BRIEF:
Where the lines below hold images, skip those and copy every word exactly.

DATA SECTION:
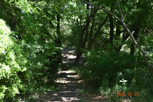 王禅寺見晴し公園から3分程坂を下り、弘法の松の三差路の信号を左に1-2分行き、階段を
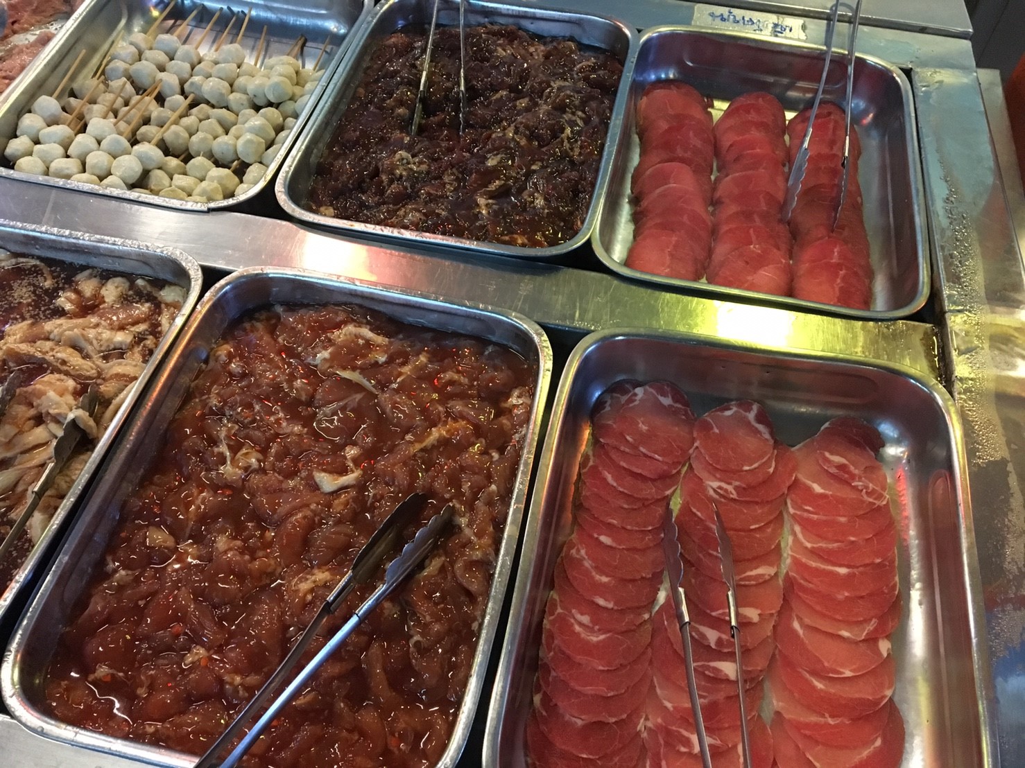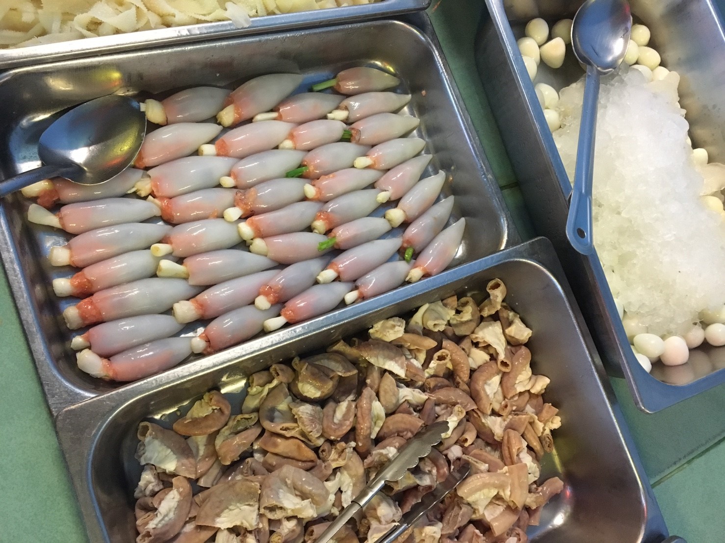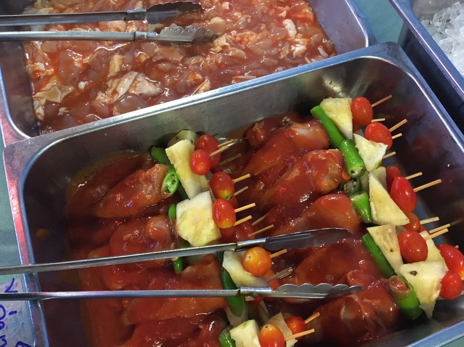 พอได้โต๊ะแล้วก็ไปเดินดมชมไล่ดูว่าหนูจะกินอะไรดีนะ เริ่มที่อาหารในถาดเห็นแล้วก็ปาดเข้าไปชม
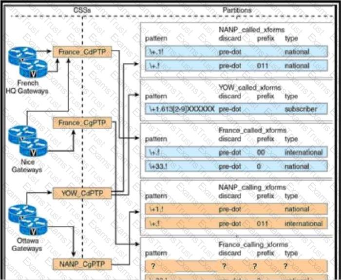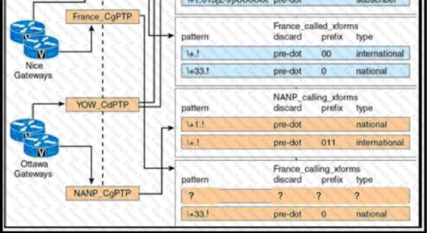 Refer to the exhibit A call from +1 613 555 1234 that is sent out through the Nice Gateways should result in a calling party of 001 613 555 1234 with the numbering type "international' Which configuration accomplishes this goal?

TASK OUTPUT:
 王禅寺見晴し公園から3分程坂を下り、弘法の松の三差路の信号を左に1-2分行き、階段を
 พอได้โต๊ะแล้วก็ไปเดินดมชมไล่ดูว่าหนูจะกินอะไรดีนะ เริ่มที่อาหารในถาดเห็นแล้วก็ปาดเข้าไปชม
 Refer to the exhibit A call from +1 613 555 1234 that is sent out through the Nice Gateways should result in a calling party of 001 613 555 1234 with the numbering type "international' Which configuration accomplishes this goal?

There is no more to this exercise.